COLLECTED DATA:
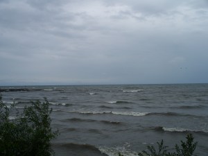 I left Marjim Manor and headed to Olcott Beach. Unfortunately, only one shop was open – I thought it was due to the weather, but later discovered it was because I was too early – the shoppes don’t open until noon. It was a little chilly and very damp, so I looked through the one shop, found a couple nice pins, and headed back home. I got home in time to whip up a batch of baked macaroni and cheese to take to the pot luck family dinner at the church to wrap up the day. Here are a couple of photos I took at Olcott showing how rough the lake was and how dark and damp the day was. But, I still enjoyed myself – it was a great day – I discovered a unique winery, tasted some amazing wines, and it is always a great pleasure to be near the lake, no matter what the weather is!
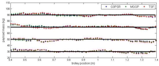 The paper compares the data-driven soft-computing models for payload weight estimation for an overhead crane. The payload mass is estimated based on a local strain of a crane’s girder and the trolley position. Two genetic programming variants are used for model optimization, multi-gene genetic programming, a novel technique and grammar-guided genetic programming with sparse regression. The genetic programming methods are compared with the TSF model evolved using the fuzzy subtractive clustering and least square methods. The comparative study is presented in terms of accuracy and complexity. The G3PSR and MGGP models show similar estimation accuracy with an RMSE of 1.7813 and 1.8069 respectively, and slightly better than in the case of the TSF model with an RMSE of 1.8875. The relative error decreased for all models identified as the payload mass increased, this is due to the fact that the absolute error does not differ by a significant amount depending on the payload mass while the relative error is normalized by the payload mass, which, when increased, results in a decrease in the relative error. The model complexity expressed as the number of model parameters to be estimated is lowest for the G3PSR model (14 parameters) in comparison to the MGG and TSF models at 17 and 56 parameters, respectively. The significant difference we observe in the model execution time is that the G3PSR outperforms the other models with a mean execution time of ms, while the MGGP model and the TSF model had mean execution times of ms and ms, respectively. The direct implementation of the input–output function decreased the computational time by approximately 98.6% and 78.1% for the G3PSR and MGGP models, respectively, when compared to the TSF model. Future works will be focused on testing the proposed approach on a crane system with a larger girder length and payload weight range. The G3PSR algorithm would also be applied to the inverse modeling approach to estimate the strain/stress of a girder [] for a given payload mass, as well as in other static and dynamic model optimization problems [,].
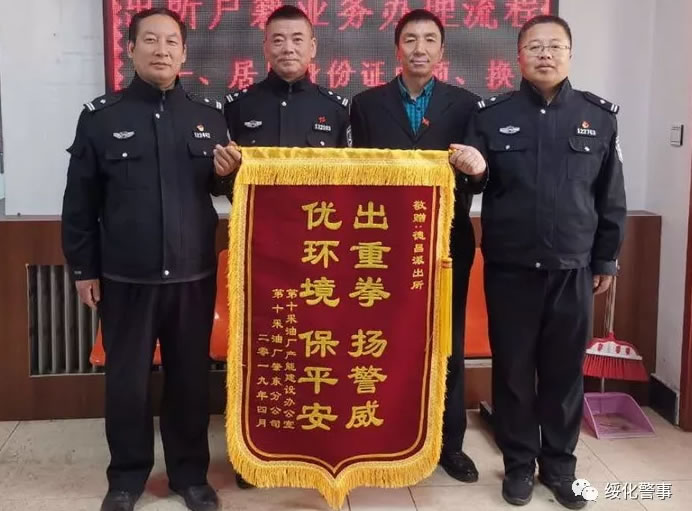 4月19日,大慶采油十廠生產(chǎn)運(yùn)行部相關(guān)領(lǐng)導(dǎo)到肇東市公安局德昌派出所,將寫有"出重拳,揚(yáng)警威,優(yōu)環(huán)境,保平安"的錦旗送給德昌派出所,感謝多年來對油田企業(yè)發(fā)展所做的努力。

EXERCISE OBJECTIVE:
Output the data above exactly; pictures do not belong in the copy.

RESULT BELOW:
 I left Marjim Manor and headed to Olcott Beach. Unfortunately, only one shop was open – I thought it was due to the weather, but later discovered it was because I was too early – the shoppes don’t open until noon. It was a little chilly and very damp, so I looked through the one shop, found a couple nice pins, and headed back home. I got home in time to whip up a batch of baked macaroni and cheese to take to the pot luck family dinner at the church to wrap up the day. Here are a couple of photos I took at Olcott showing how rough the lake was and how dark and damp the day was. But, I still enjoyed myself – it was a great day – I discovered a unique winery, tasted some amazing wines, and it is always a great pleasure to be near the lake, no matter what the weather is!
 The paper compares the data-driven soft-computing models for payload weight estimation for an overhead crane. The payload mass is estimated based on a local strain of a crane’s girder and the trolley position. Two genetic programming variants are used for model optimization, multi-gene genetic programming, a novel technique and grammar-guided genetic programming with sparse regression. The genetic programming methods are compared with the TSF model evolved using the fuzzy subtractive clustering and least square methods. The comparative study is presented in terms of accuracy and complexity. The G3PSR and MGGP models show similar estimation accuracy with an RMSE of 1.7813 and 1.8069 respectively, and slightly better than in the case of the TSF model with an RMSE of 1.8875. The relative error decreased for all models identified as the payload mass increased, this is due to the fact that the absolute error does not differ by a significant amount depending on the payload mass while the relative error is normalized by the payload mass, which, when increased, results in a decrease in the relative error. The model complexity expressed as the number of model parameters to be estimated is lowest for the G3PSR model (14 parameters) in comparison to the MGG and TSF models at 17 and 56 parameters, respectively. The significant difference we observe in the model execution time is that the G3PSR outperforms the other models with a mean execution time of ms, while the MGGP model and the TSF model had mean execution times of ms and ms, respectively. The direct implementation of the input–output function decreased the computational time by approximately 98.6% and 78.1% for the G3PSR and MGGP models, respectively, when compared to the TSF model. Future works will be focused on testing the proposed approach on a crane system with a larger girder length and payload weight range. The G3PSR algorithm would also be applied to the inverse modeling approach to estimate the strain/stress of a girder [] for a given payload mass, as well as in other static and dynamic model optimization problems [,].
 4月19日,大慶采油十廠生產(chǎn)運(yùn)行部相關(guān)領(lǐng)導(dǎo)到肇東市公安局德昌派出所,將寫有"出重拳,揚(yáng)警威,優(yōu)環(huán)境,保平安"的錦旗送給德昌派出所,感謝多年來對油田企業(yè)發(fā)展所做的努力。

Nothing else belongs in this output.